# How should I “read” a dereference operator?

For example, when I look at some code like

int x = 1;
int * y = &x;


I can read it like

x equals 1
y equals the address of x


but how would I "read" something like

*y = 1;


My best guess is

The value at address y equals 1


But I'm wondering if there's a better way to think about it.

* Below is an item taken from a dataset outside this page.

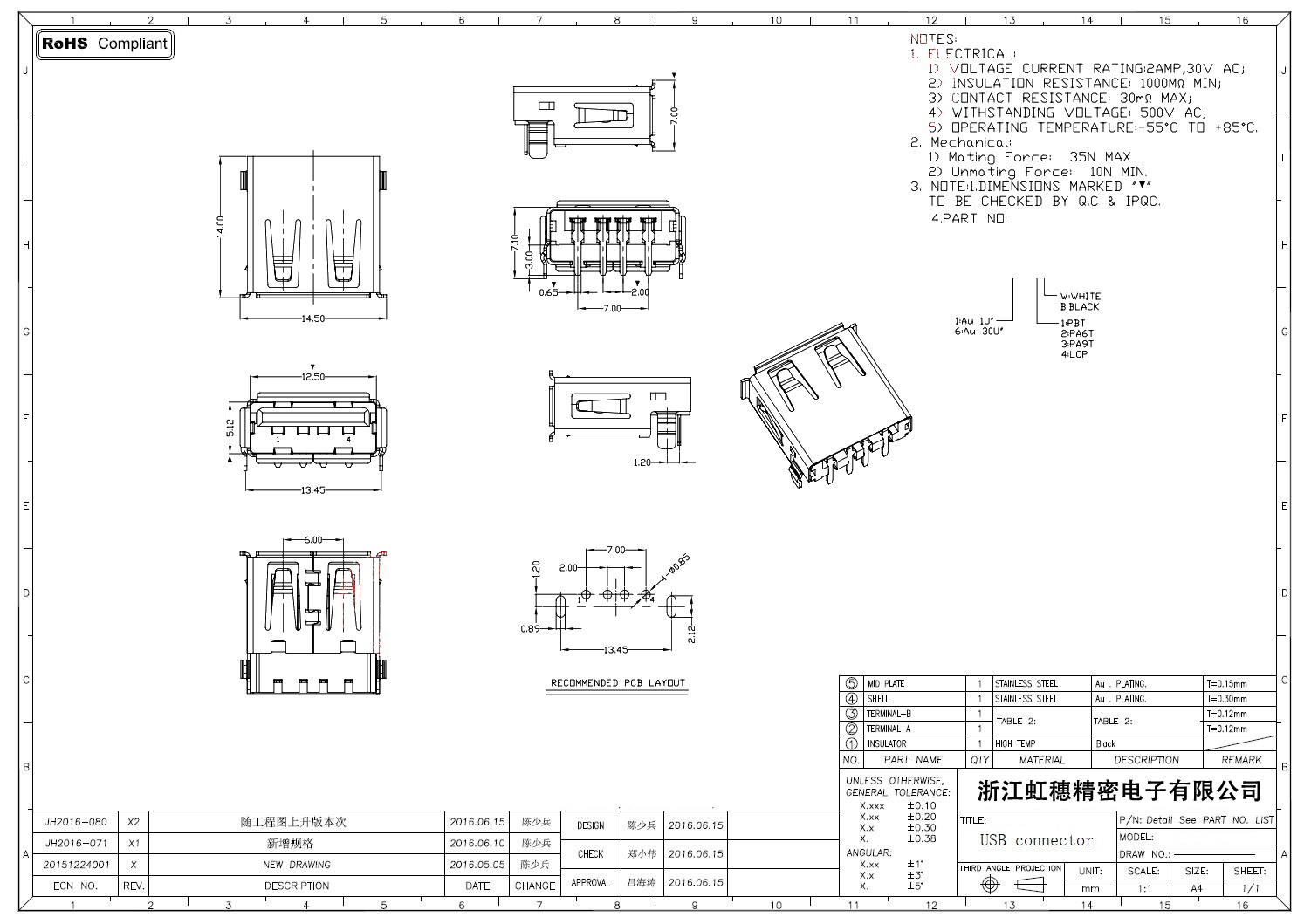 Product name:  USB 2.0 Jack connector

• How you read code is up to you. There could be common conventions (which I am unaware of), but you don't have to follow them. Personally I read it "star y equals one". – Yuval Filmus Jan 19 '18 at 14:28
• This interesting questions seems somewhat more appropriate to stackoverflow, or even to English Language & Usage. – Yuval Filmus Jan 19 '18 at 14:28
• @YuvalFilmus I wouldn't ask this kind of technical question on ELU. – David Richerby Jan 19 '18 at 14:32
• I don't think this has much to do with computer science, since it depends completely on the syntax of the language in question. It's also not quite clear what you mean. You read "cat" as "cat" not "a four-legged animal that chases mice" so why do you call it "reading" when you say "the value at address y" instead of "star y"? – David Richerby Jan 19 '18 at 14:34
• read such expressions from right to left.. – user3629249 Jan 19 '18 at 16:55

I always read *y =1 as: assign the value $1$ to the memory location pointed by y.
y is a pointer type variable, so it has an address as a value. It another words, it points to this address. When we want to, indirectly, manipulate the memory area pointed by y we use *y. Hence *y=1 tells that the value $1$ should be stored in the memory location pointed by y.